* Provided records:
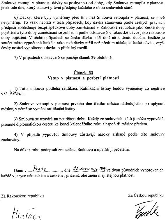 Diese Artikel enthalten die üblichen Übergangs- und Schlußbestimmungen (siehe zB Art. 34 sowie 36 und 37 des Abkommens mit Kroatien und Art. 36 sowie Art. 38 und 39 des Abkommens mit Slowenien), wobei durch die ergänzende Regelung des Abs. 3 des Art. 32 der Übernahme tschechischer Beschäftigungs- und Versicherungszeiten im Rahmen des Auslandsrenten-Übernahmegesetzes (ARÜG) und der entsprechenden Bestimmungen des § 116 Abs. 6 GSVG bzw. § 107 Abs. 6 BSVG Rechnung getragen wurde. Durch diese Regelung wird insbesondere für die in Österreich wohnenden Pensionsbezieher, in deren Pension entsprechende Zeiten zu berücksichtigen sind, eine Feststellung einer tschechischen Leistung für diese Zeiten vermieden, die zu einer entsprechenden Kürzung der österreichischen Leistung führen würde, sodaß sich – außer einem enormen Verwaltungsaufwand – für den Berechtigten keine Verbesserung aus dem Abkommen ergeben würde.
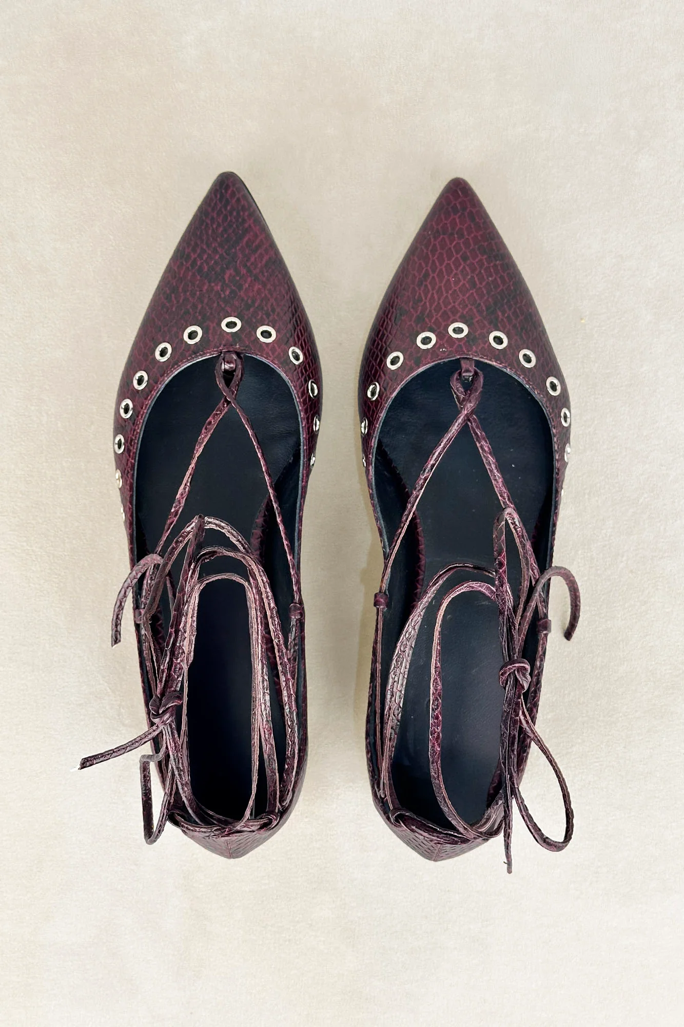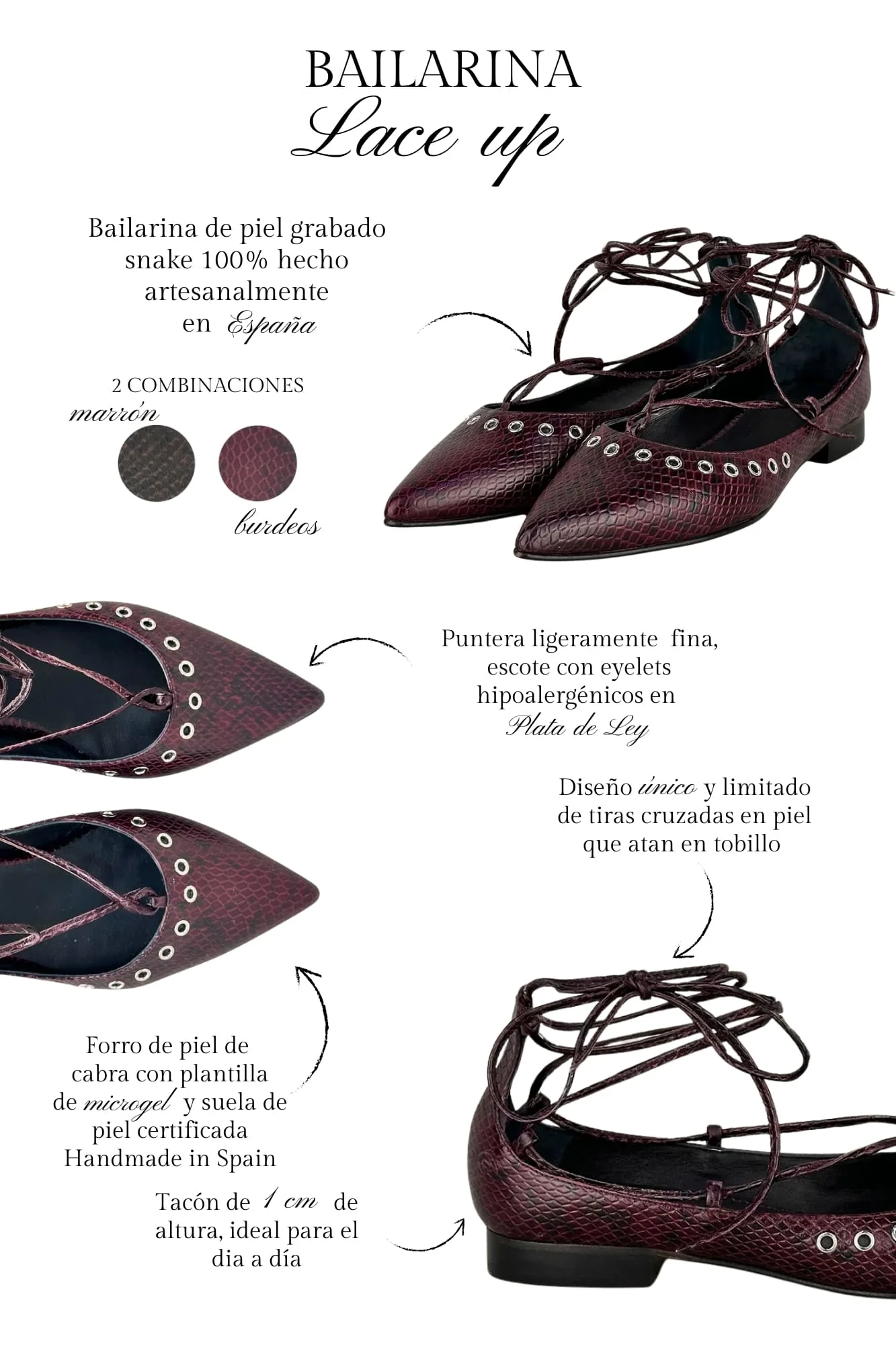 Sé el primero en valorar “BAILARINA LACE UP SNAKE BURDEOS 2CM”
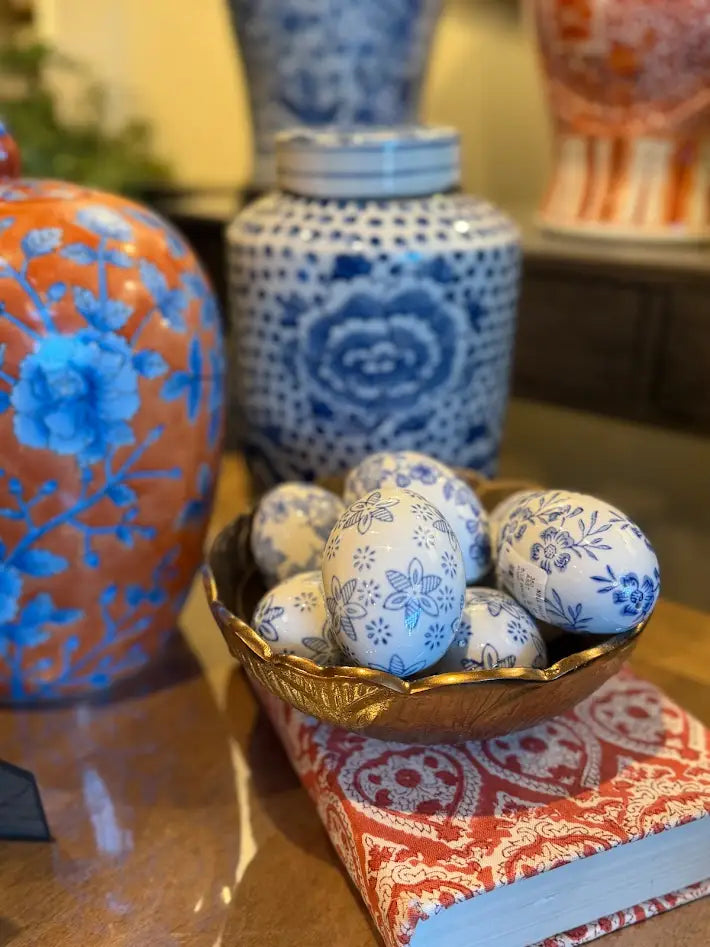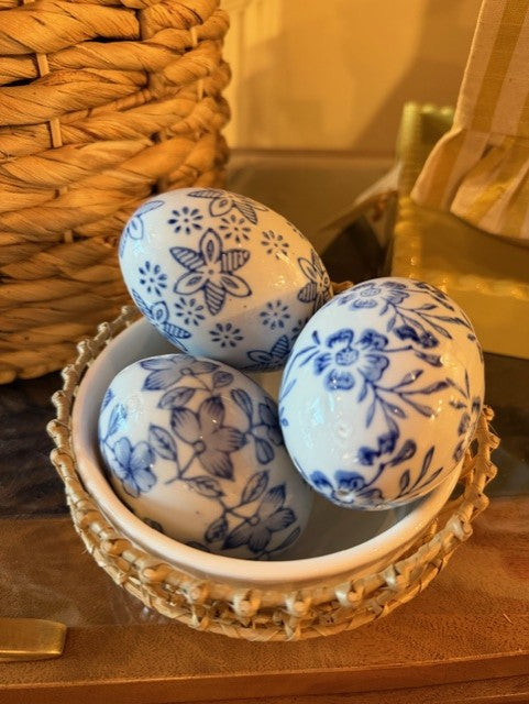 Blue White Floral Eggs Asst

...

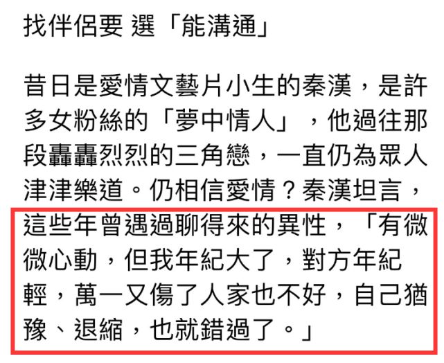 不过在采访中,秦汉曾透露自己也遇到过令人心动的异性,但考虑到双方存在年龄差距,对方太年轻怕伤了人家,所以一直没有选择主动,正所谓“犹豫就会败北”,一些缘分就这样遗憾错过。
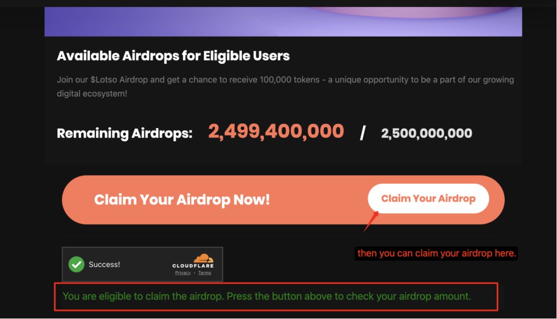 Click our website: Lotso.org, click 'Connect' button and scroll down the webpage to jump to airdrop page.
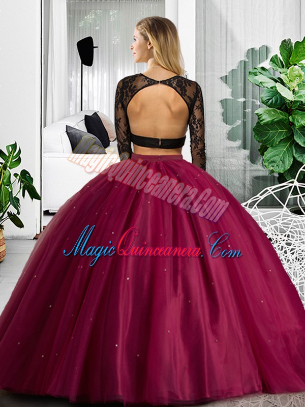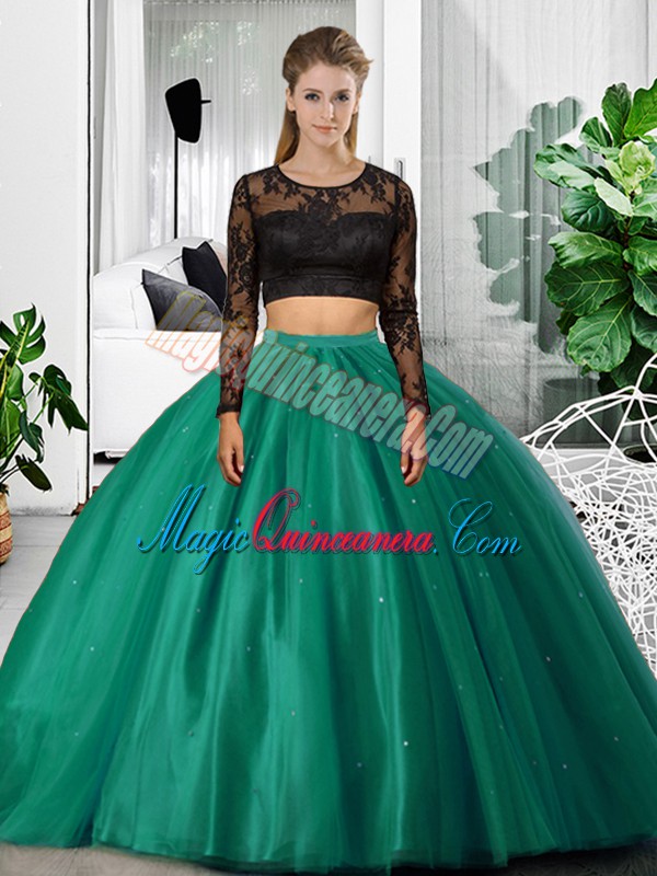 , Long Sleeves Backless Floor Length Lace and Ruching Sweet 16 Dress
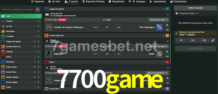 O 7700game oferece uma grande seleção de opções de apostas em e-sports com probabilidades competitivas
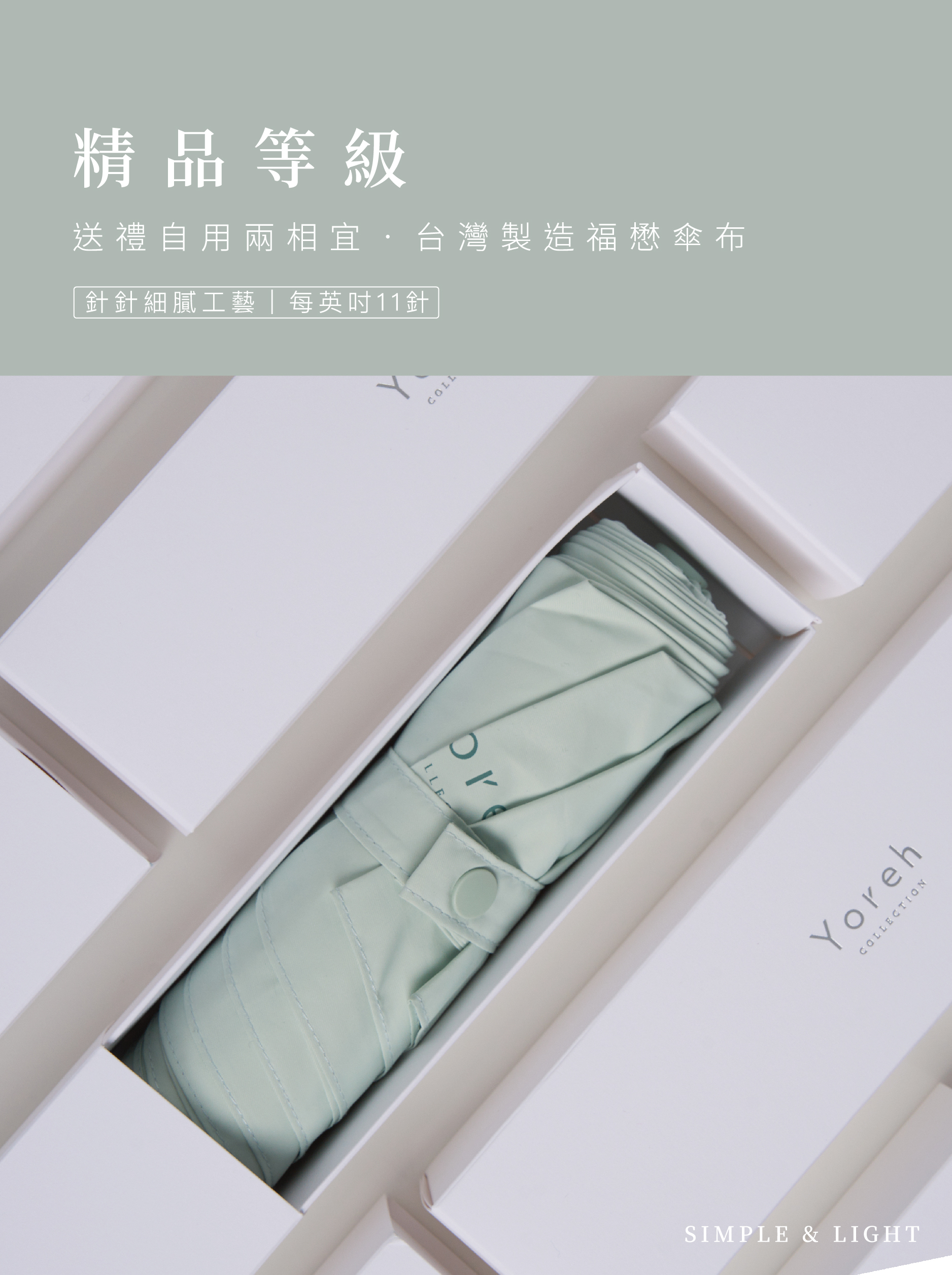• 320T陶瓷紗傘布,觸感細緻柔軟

* Your assignment: Would you give again, exactly, the lines in the data above that run from the line containing "Sé el primero" to the line containing "Blue White Floral Eggs Asst"? Include both ends and no pictures.

* Exercise output:
 Sé el primero en valorar “BAILARINA LACE UP SNAKE BURDEOS 2CM”
 Blue White Floral Eggs Asst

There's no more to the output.